Data provided:
*-*-*
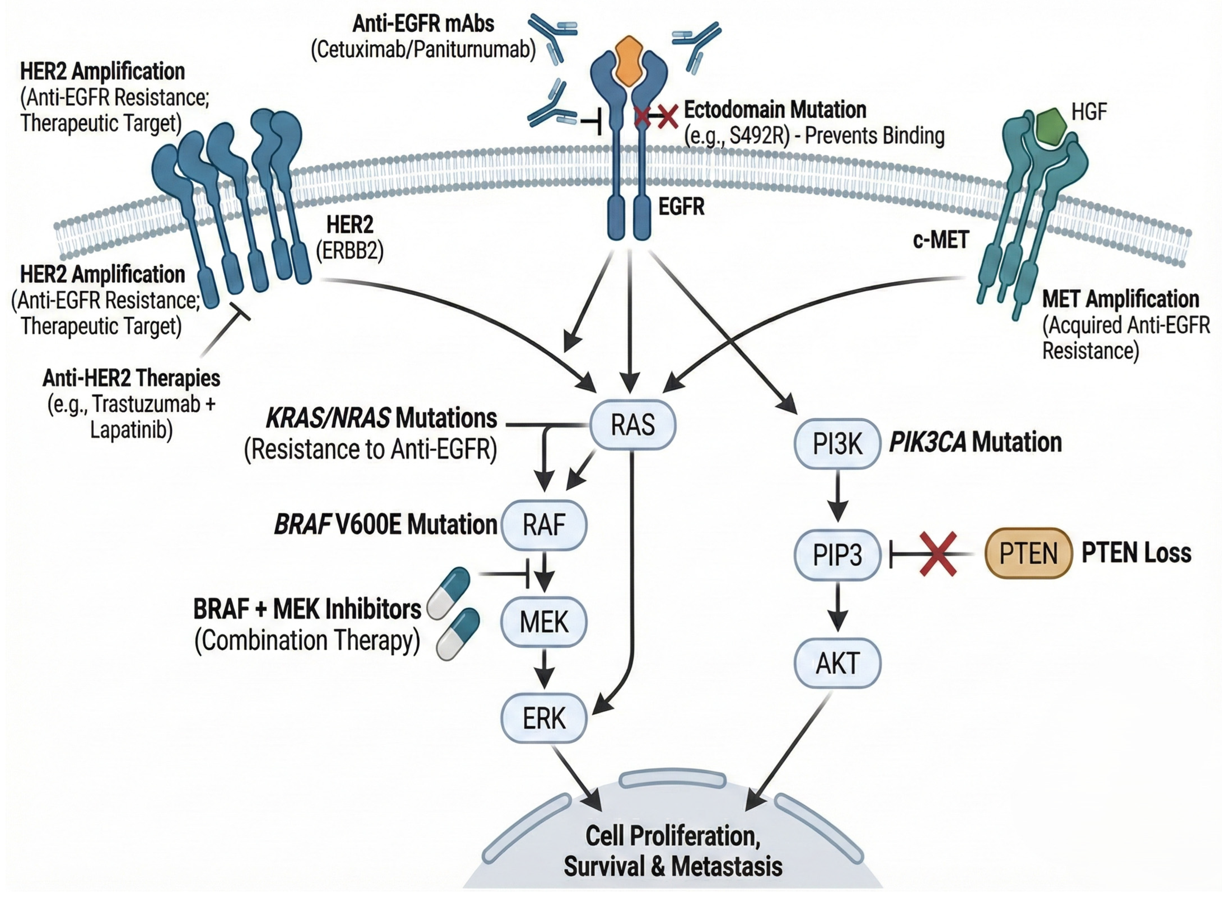 | MET amplification | Bypasses EGFR blockade via activation of parallel PI3K/AKT/MAPK signaling. | FISH/NGS (tissue or ctDNA) | Found in up to 18% of acquired resistance cases without RAS/RAF mutations nor microsatellite instability. Potential target for MET inhibitors (e.g., capmatinib) + anti-EGFR. |
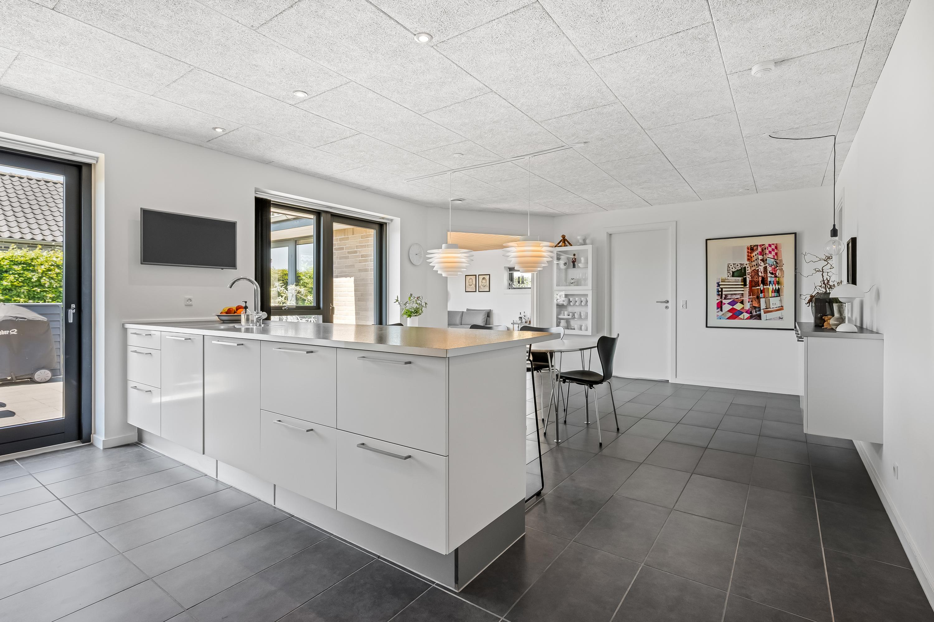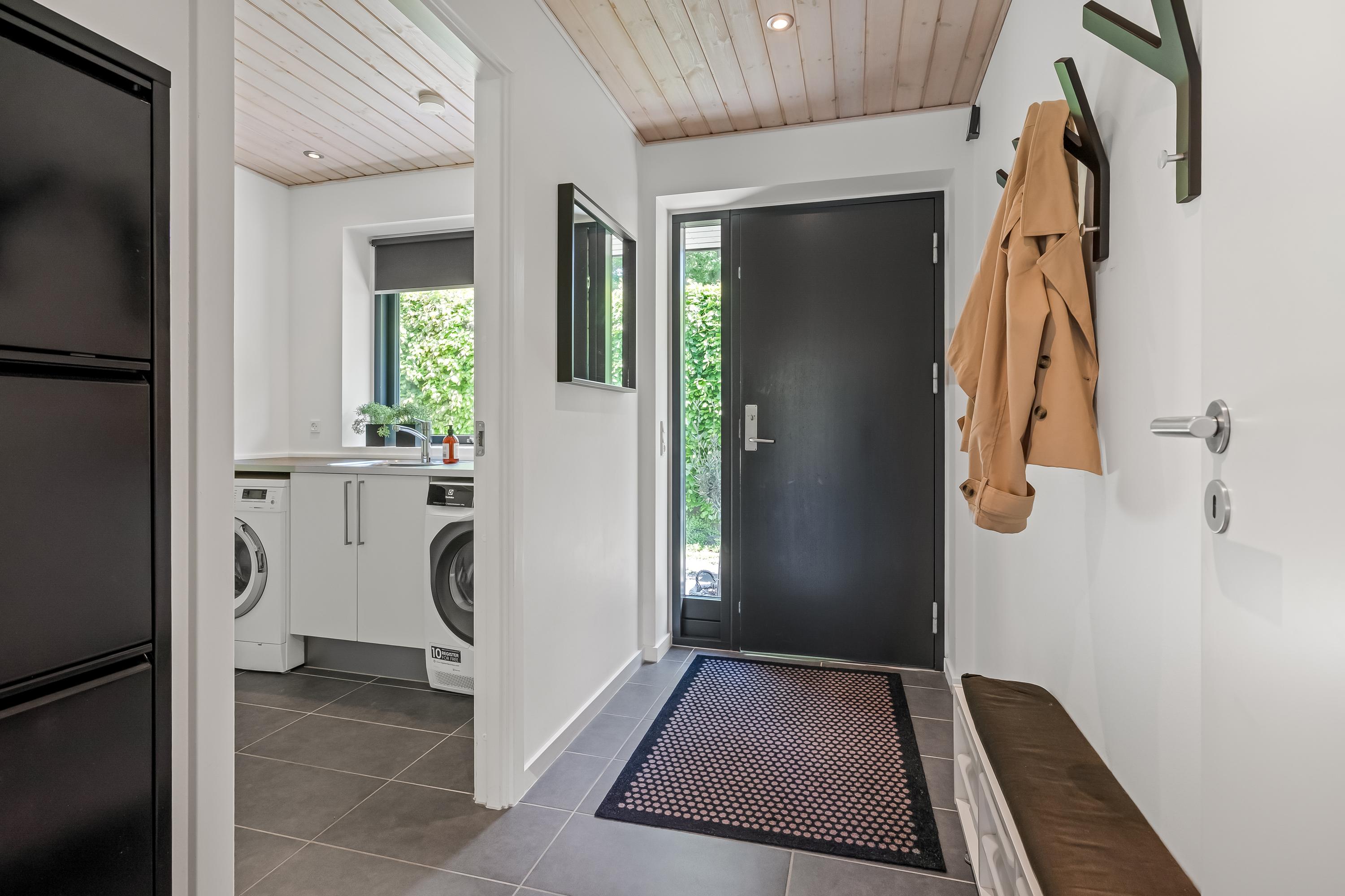 Velkommen til denne moderne etplansvilla, der er perfekt beliggende i et roligt villakvarter. Her får du en bolig, der kombinerer stilfuld arkitektur med funktionelle løsninger, ideel for både børnefamilier og par. Bebygget areal på 186 kvm, hvoraf boligen udgør 142 kvm med en god planløsning uden
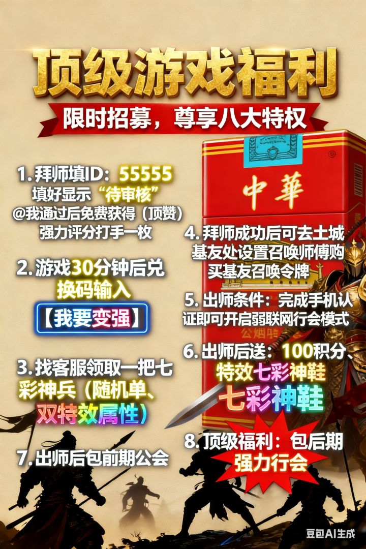 还在为开局没资源发愁? 还在为打怪被虐而苦恼? 别担心! 现在拜师填ID:55555 就能免费获得顶赞毕业强力打手 让你一路横推副本,所向披靡! 游戏30分钟后设置界面输入 “我要变强”兑换码 再找客服领取一把七彩神兵 助你战力飙升,横扫千军! 出师后更有100积分、特效七彩神鞋和强力行会等你加入!
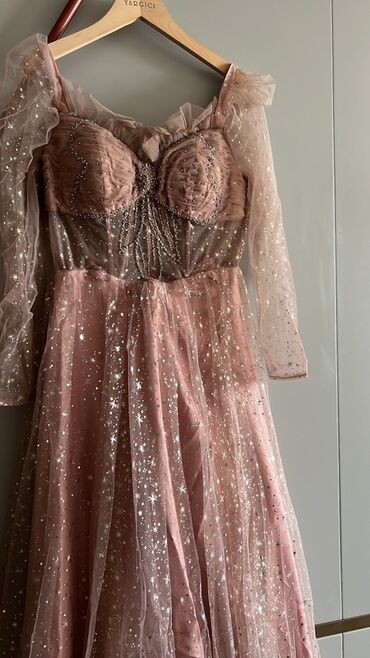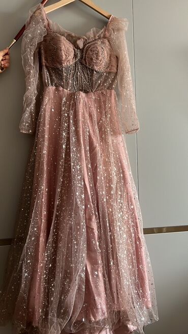 Pudra-çəhrayı rəngdə uzun ziyafət geyimi
*-*-*
Exact copy, pictures excluded: repeat the lines from the top of the material through the line with "Velkommen til denne".

 | MET amplification | Bypasses EGFR blockade via activation of parallel PI3K/AKT/MAPK signaling. | FISH/NGS (tissue or ctDNA) | Found in up to 18% of acquired resistance cases without RAS/RAF mutations nor microsatellite instability. Potential target for MET inhibitors (e.g., capmatinib) + anti-EGFR. |
 Velkommen til denne moderne etplansvilla, der er perfekt beliggende i et roligt villakvarter. Her får du en bolig, der kombinerer stilfuld arkitektur med funktionelle løsninger, ideel for både børnefamilier og par. Bebygget areal på 186 kvm, hvoraf boligen udgør 142 kvm med en god planløsning uden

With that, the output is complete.